An invidious effort is under way to undermine or abolish the Electoral College.

Actually, it"s an open, aboveboard way to use the mechanism of the Electoral College to achieve the goal of election by the people.

Common Cause--a liberal Washington pressure group--among others, is pushing to change to direct elections of our presidents from the system we've had since the Constitution was ratified. Currently (with the exception of Maine and Nebraska), the presidential candidate who receives the most popular votes in a state wins its electoral votes, which are equal to its total representation in Congress.

It"s not true that it"s been this way from the beginning. The framers-who left it entirely up to the state legislatures to decide how electors would be chosen-assumed that most states would do it district by district, and for the first few decades that"s what most of them did. But after a few states decided to leverage their clout by switching to winner-take-all, the rest felt they had no choice but to follow suit as a defensive maneuver.

In 2004 John Kerry carried California, thus winning its 55 electoral votes.

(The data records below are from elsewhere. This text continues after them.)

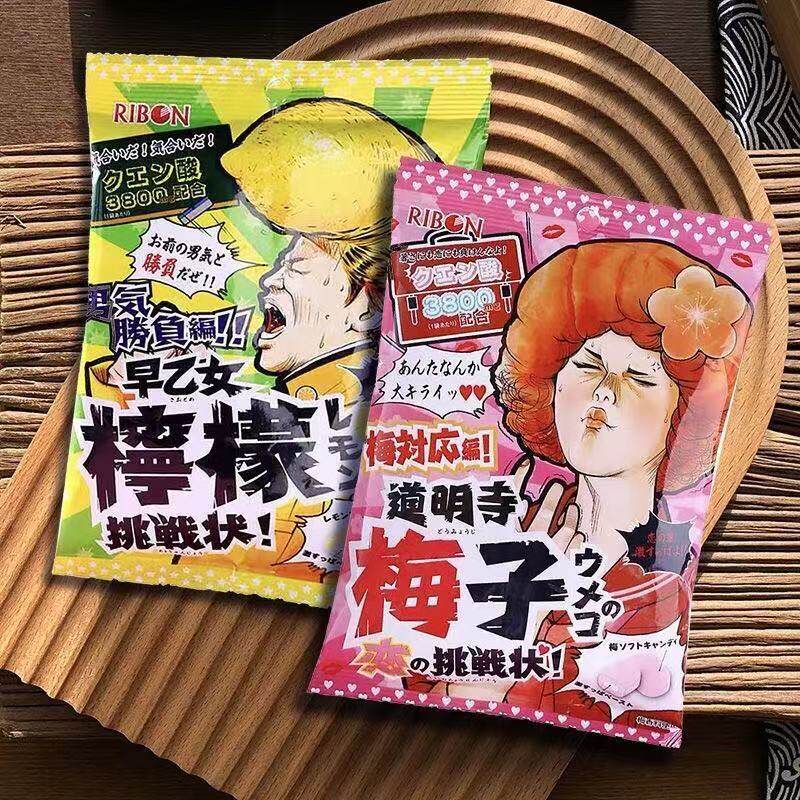 📚 日本理本ribon道明寺超酸柠檬味糖梅子味夹心软糖爆酸早乙女糖果
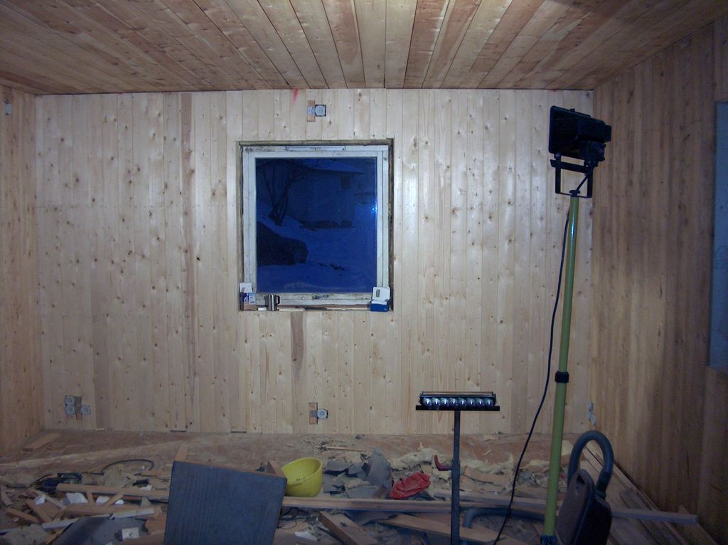 Rupanel ferdig kledd vegg nord. Her ble det spandert nytt panel, da det ble for lite av det gamle, som er gjenbrukt. Ble nesten fint synes jeg selv..
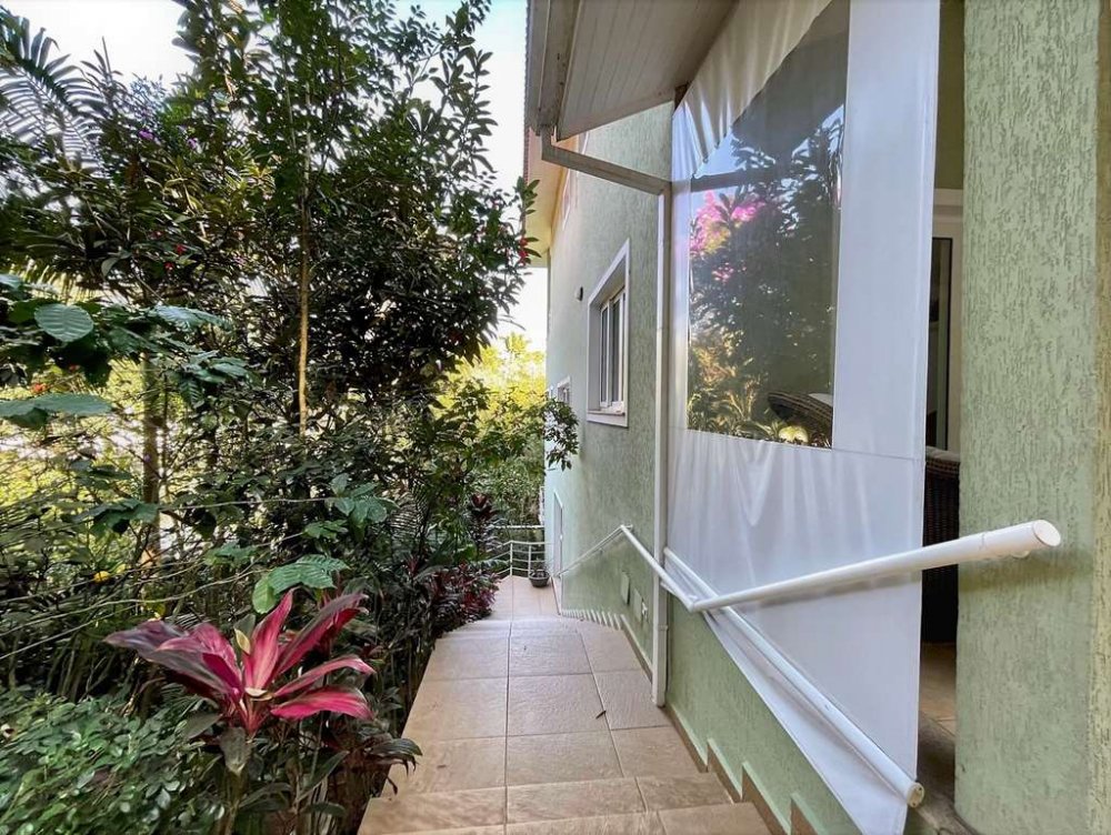 Jardim com lindo paisagismo formado e fundos com mata de preservação permanente.

So why would California want to adopt a measure that would have forced it to give its electoral votes to George W. Bush? Mr. Forbes shows no curiosity about this seeming paradox.

The California legislature recently passed a bill that would award that state's 55 electoral votes to the candidate who wins the popular vote nationwide. The Colorado state senate passed similar legislation a few months ago. The California bill will take effect when enough other states to provide a majority of electoral votes do the same. Most people react positively to the notion of direct elections for the presidency, since that's the way we choose all of our other elected leaders. But such a system nationwide would have destructive, long-term consequences.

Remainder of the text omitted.